Chaos Engineering on Azure: Controlled Vandalism
Chaos Engineering on Azure: Controlled Vandalism
Building Resilience Without Breaking Everything
Take that impulse to break things and aim it somewhere useful.
KQL Warning: The queries in this article are patterns and examples. You’ll need to adapt them to your environment, table schemas, and operational needs. Some are production-tested, others are illustrative. Focus on the chaos engineering patterns and monitoring approaches, not copying queries verbatim.
There’s a button you’re not supposed to push. Every infrastructure engineer knows the feeling. The temptation to see what happens if you just… stop that service. Kill that process. Pull that cable. Most of us learned early to suppress that impulse. Production is sacred. Don’t touch what’s working.
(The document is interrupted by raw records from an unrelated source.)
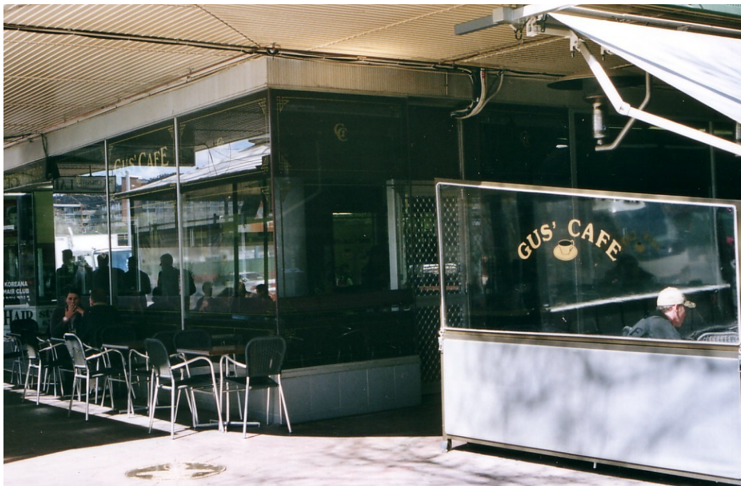
Gus' Café, Bunda Street, Canberra Photo – M. Park (2004)
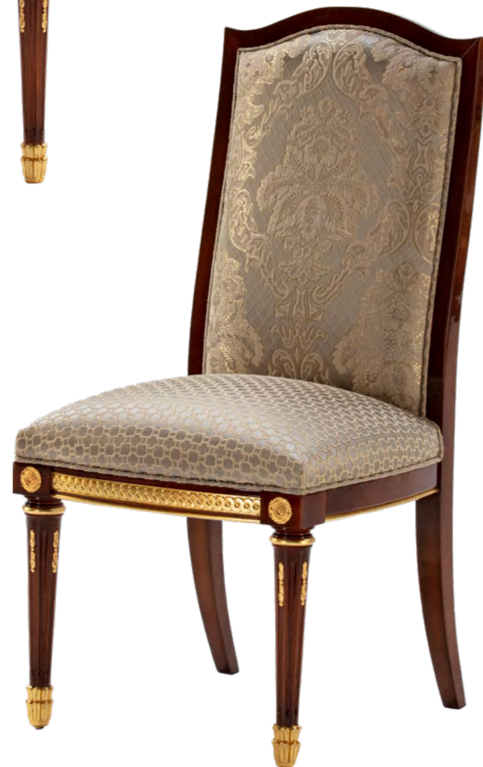
CHAIR – Ref.: 50521.0 Height: 112 cm / 44,09 in Width: 60 cm / 23,62 in Depth: 65 cm / 25,59 in Net weight: 11,00Kg / 24,23 lb Finish: CAMD.B. POE/OA (524/231)
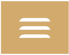
Sand Yellow RAL1002
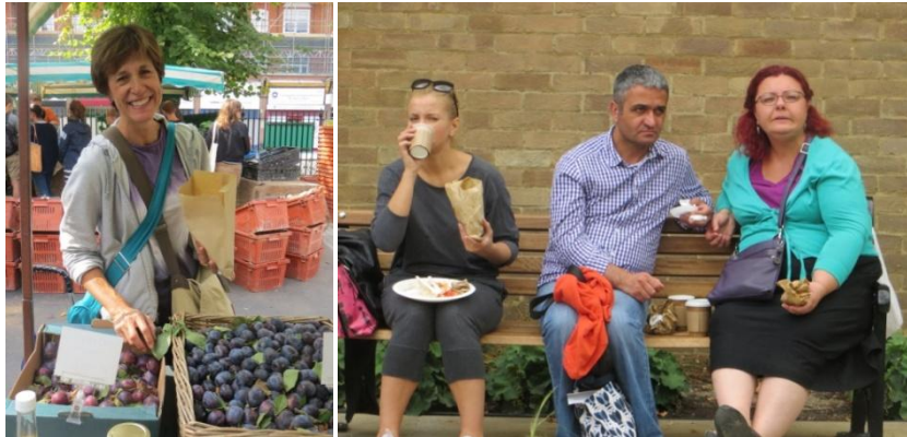
Me (left) buying damsons for a supper with a visiting friend and family. We ate them lightly stewed with raw cream from another stall. At the market people eat, drink, meet, and make friends.
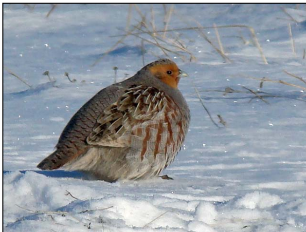
Gray Partridge.
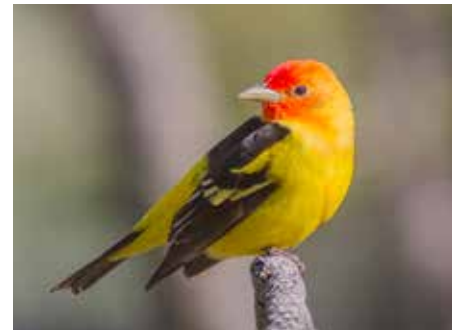
Western Tanager

Species expected include Osprey, Pileated Woodpecker, White-headed Woodpecker, Black-backed Woodpecker, Williamson's Sapsucker, Vaux's Swift, Common Nighthawk, Bufflehead, Gray Jay, Brown Creeper, American Dipper, Mountain Bluebird, Yellow Warbler, Western Tanager and Cassin's Finch. Possibles include Sooty Grouse, Northern Pygmy-Owl, Cassin's Vireo, Pygmy Nuthatch, Green-tailed Towhee and Evening Grosbeak.

Early in my career, before cloud, I started on helpdesk. Every so often our organization would run disaster recovery drills: cutting power to the datacenter to test batteries, generator switchover, cooling units. But every so often, we had to test the big red button. The one on the wall behind the plastic shield. The one that taunted you every time you walked past it, knowing that pushing it at the wrong time would be a resume-generating event.
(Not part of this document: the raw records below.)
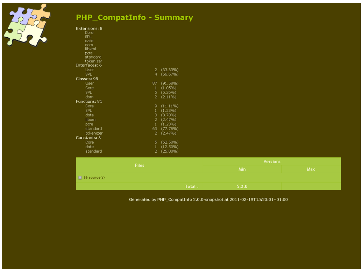
Figure A.1. Example with sources file list collapsed

$ xsltproc -o <output_page.html> summary.xsl <report.xml>
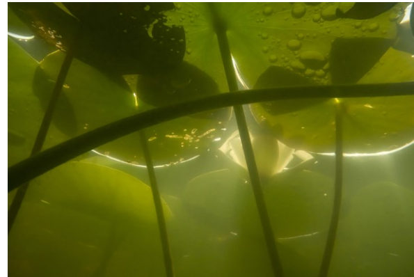
Unter Wasser # 53 Under Water # 53
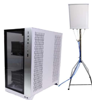
Figure 3: gNB (5G base station).
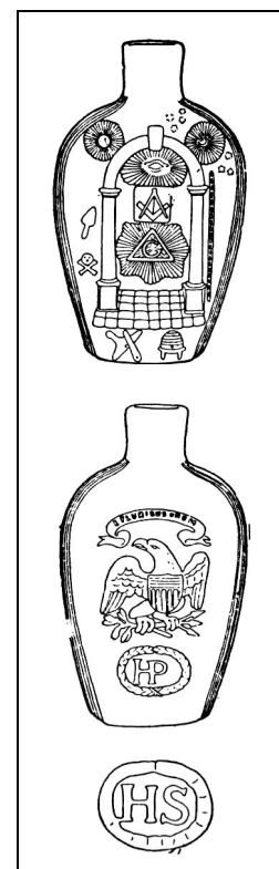
Figure 3 – HS flask (McKearin & Wilson 1978:591)
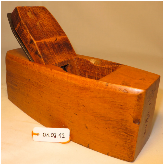
10. 'Coffin-style' smoothing plane used for final woodworking on short surfaces, England, early 20 th c.; factory product manufactured by William Green-slade and Co, Bristol, hornbeam wood; double irons by unidentified manufacturer; owner's mark on the front, beveled edges
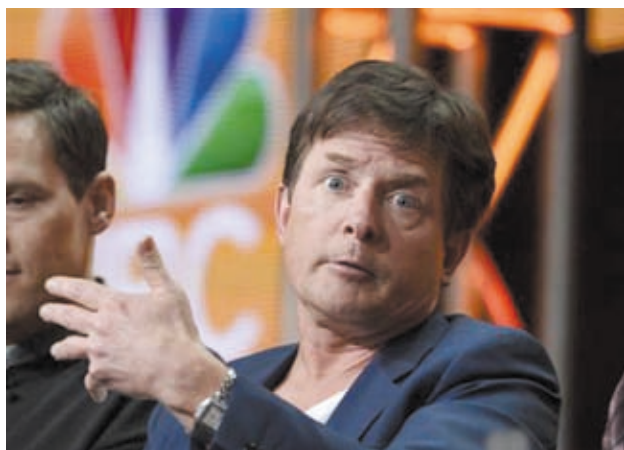
Executive producer and cast member Michael J Fox participates in a panel for "The Michael J Fox Show" during the NBC sessions at the Television Critics Association summer Press tour in Beverly Hills, California on 27 July, 2013.

The Canadian-born Fox won over audiences in the 1980s for his role as conservative Alex P. Keaton on NBC sitcom "Family Ties," and as teen adventurer Marty McFly in the "Back to the Future" movies. He later starred in the ABC political comedy "Spin City," but semi-retired from acting in 2000 as his Parkinson's symptoms worsened and he focused his efforts on research for a cure.
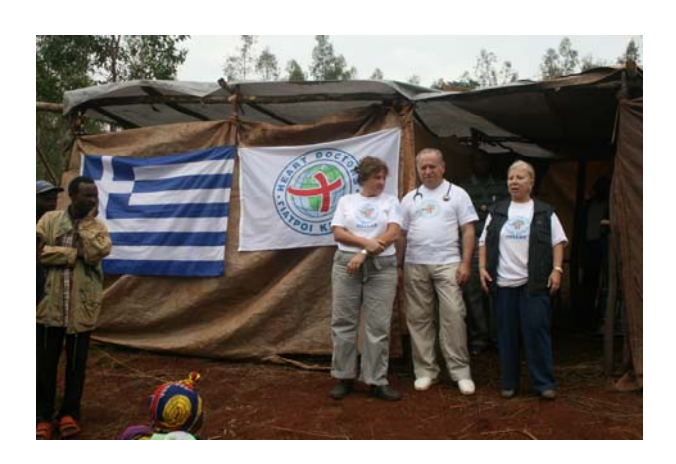
Open-air dispensary in Burundi
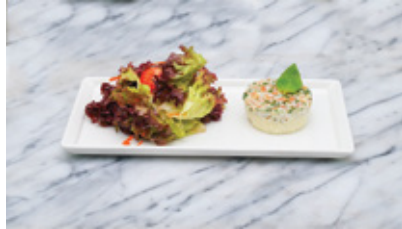
Eggs Tomato Basil
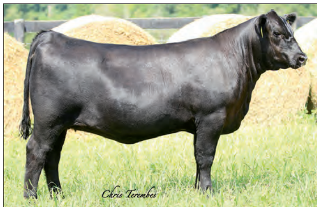
QUAKER HILL BLACKCAP 7G53 - Lot 40
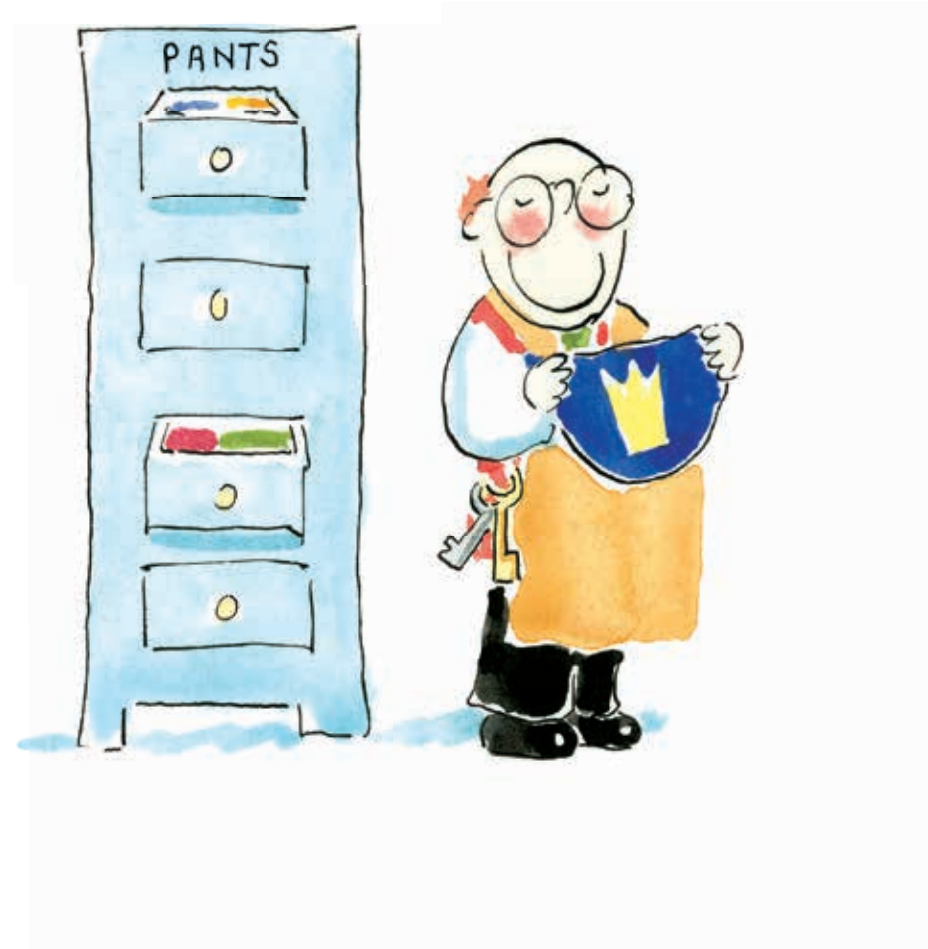
Cedric is the Keeper of the King's Pants – the Everyday Pants, the Weekend Pants . . .

and the Coronation Pants. The King cannot be crowned without these.

When the time came to actually test that button, it was like scratching an itch you’d ignored for years. Was it an event? Absolutely. Lots of people were involved in pushing that one button, because pushed at the wrong time for the wrong reason, it could actually kill someone. It was the fire suppression system.
That feeling, the excited fear of pushing the button that says “do not push,” is what chaos engineering channels into something productive. You’re not suppressing the impulse to break things. You’re aiming it. Deliberately, with a hypothesis, a blast radius, and a rollback plan.
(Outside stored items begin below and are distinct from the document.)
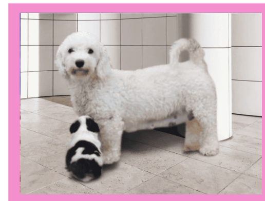
Paula (Bichon Frise)
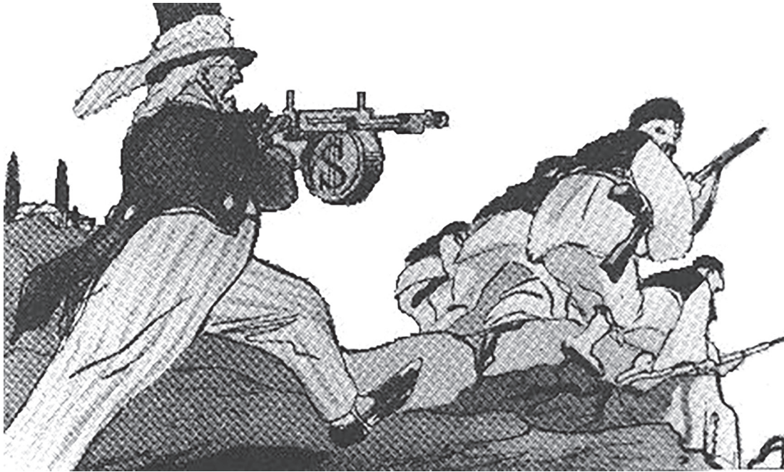
A cartoon published in the Soviet Union in 1947. It shows American aid during the Greek civil war.
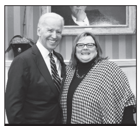
With U.S. Senator Joe Biden, Fall 2000 Commencement speaker (and future U.S. vice president)
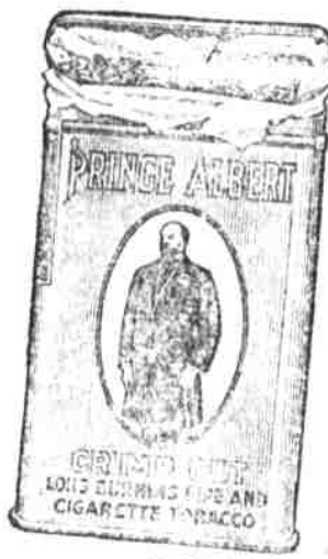
On the reverse side of this label of an open tin will read: "Prince Albert Cigarettes, 1907," which has made three consecutive years where one smokes below!

R. J. REYNOLDS TOBACCO CO., Winston-Salem, N. C.
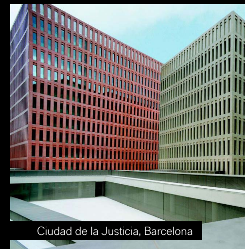
Ciudad de la Justicia, Barcelona

Your systems already have chaos. Network blips happen. Disks fill up. Dependencies timeout. VMs get rebooted by the platform for maintenance. The chaos is already there. You’re just not watching when it happens.
Chaos engineering makes that chaos visible and controlled so you can learn from it deliberately instead of accidentally during an incident.
What Chaos Engineering Actually Is
Strip away the Netflix mythology and you get something simpler: controlled experiments that test your assumptions about how systems behave under stress.
Every system has assumptions baked into it. The load balancer will route around failed instances. The database failover will complete in under 30 seconds. The application will retry failed requests gracefully. These assumptions are usually undocumented and often wrong.
Chaos engineering tests those assumptions before production traffic does.
But here’s the part that connects back to traditional business continuity and disaster recovery testing: sometimes you discover things you didn’t know you needed to learn. You run an experiment expecting to validate one assumption, and you uncover a dependency nobody documented. A service that calls another service that nobody remembered was connected. A failover path that routes through infrastructure everyone assumed was redundant but isn’t.
This is especially true if you’ve inherited systems with poor documentation or no documentation at all. The experiment becomes discovery. You’re not just testing what you know. You’re revealing what you don’t know. That’s often more valuable than confirming your hypothesis was correct.
Hypothesis-driven. You predict what will happen before you run the experiment. If you can’t articulate what you expect, you’re not ready to run the experiment.
Controlled blast radius. You decide exactly what gets affected and for how long. If you can’t limit the impact, you’re not ready to run the experiment.
Easy rollback. You can stop the experiment and restore normal behavior immediately. If you can’t roll back quickly, you’re not ready to run the experiment.
Notice the pattern. Most chaos engineering failures happen because someone skipped the “ready to run” criteria. But also notice: being ready to run doesn’t mean you know everything that will happen. It means you’re prepared to learn from whatever does happen, including the surprises.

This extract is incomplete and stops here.